GIVEN MATERIAL

==============================

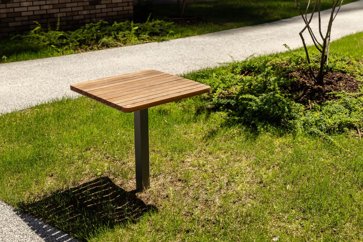 Оцинкованная стальная конструкция, покрытая порошковой краской или без покраски. Столешница из деревянных ламелей или решетки из четырехгранных стальных профилей. Обе ножки прочно закрепляемы под поверхность.
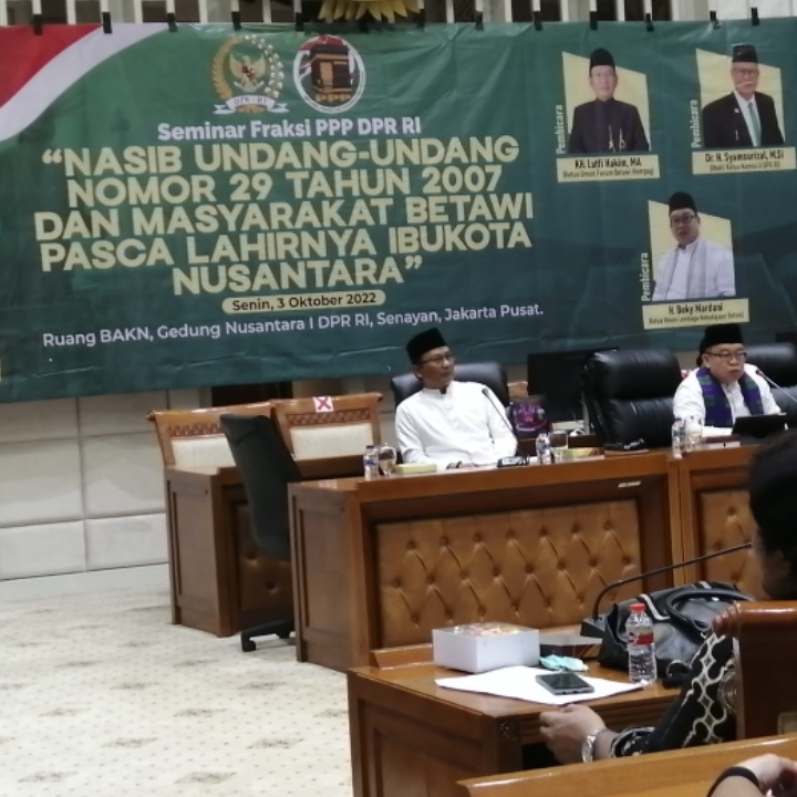 Seputarpublik, Jakarta – Fraksi Partai Persatuan Pembangunan (PPP) menerima aspirasi masyarakat Betawi mengenai pembentukan kelembagaan masyarakat adat Betawi. Hal itu disampaikan Wakil Ketua Komisi II DPR RI dari Fraksi PPP, Syamsurizal saat menjadi narasumber Seminar Fraksi bertajuk “Nasib Undang-undang Nomor 29 Tahun 2007 dan Masyarakat Betawi Pasca Lahirnya Ibukota Nusantara”. Senin (3/10/2022) di ruang BAKN, Gedung Nusantara l DPR RI, Senayan, Jakarta Pusat.
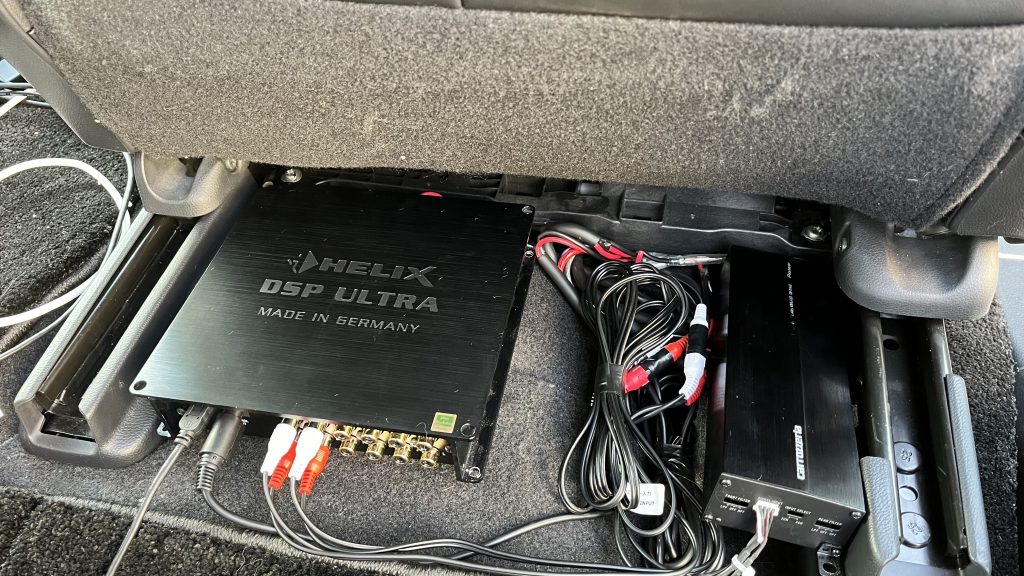 DSPは豪快一点主義的なヘリックスのウルトラ、アンプはカロッツェリアのGM-D1400Ⅱ!ハイブリットなのでシート下狭くこれでもギリギリな感じ

==============================

TASK REQUIREMENTS
Skipping any images, write out all the data exactly.

FINISHED TASK
 Оцинкованная стальная конструкция, покрытая порошковой краской или без покраски. Столешница из деревянных ламелей или решетки из четырехгранных стальных профилей. Обе ножки прочно закрепляемы под поверхность.
 Seputarpublik, Jakarta – Fraksi Partai Persatuan Pembangunan (PPP) menerima aspirasi masyarakat Betawi mengenai pembentukan kelembagaan masyarakat adat Betawi. Hal itu disampaikan Wakil Ketua Komisi II DPR RI dari Fraksi PPP, Syamsurizal saat menjadi narasumber Seminar Fraksi bertajuk “Nasib Undang-undang Nomor 29 Tahun 2007 dan Masyarakat Betawi Pasca Lahirnya Ibukota Nusantara”. Senin (3/10/2022) di ruang BAKN, Gedung Nusantara l DPR RI, Senayan, Jakarta Pusat.
 DSPは豪快一点主義的なヘリックスのウルトラ、アンプはカロッツェリアのGM-D1400Ⅱ!ハイブリットなのでシート下狭くこれでもギリギリな感じ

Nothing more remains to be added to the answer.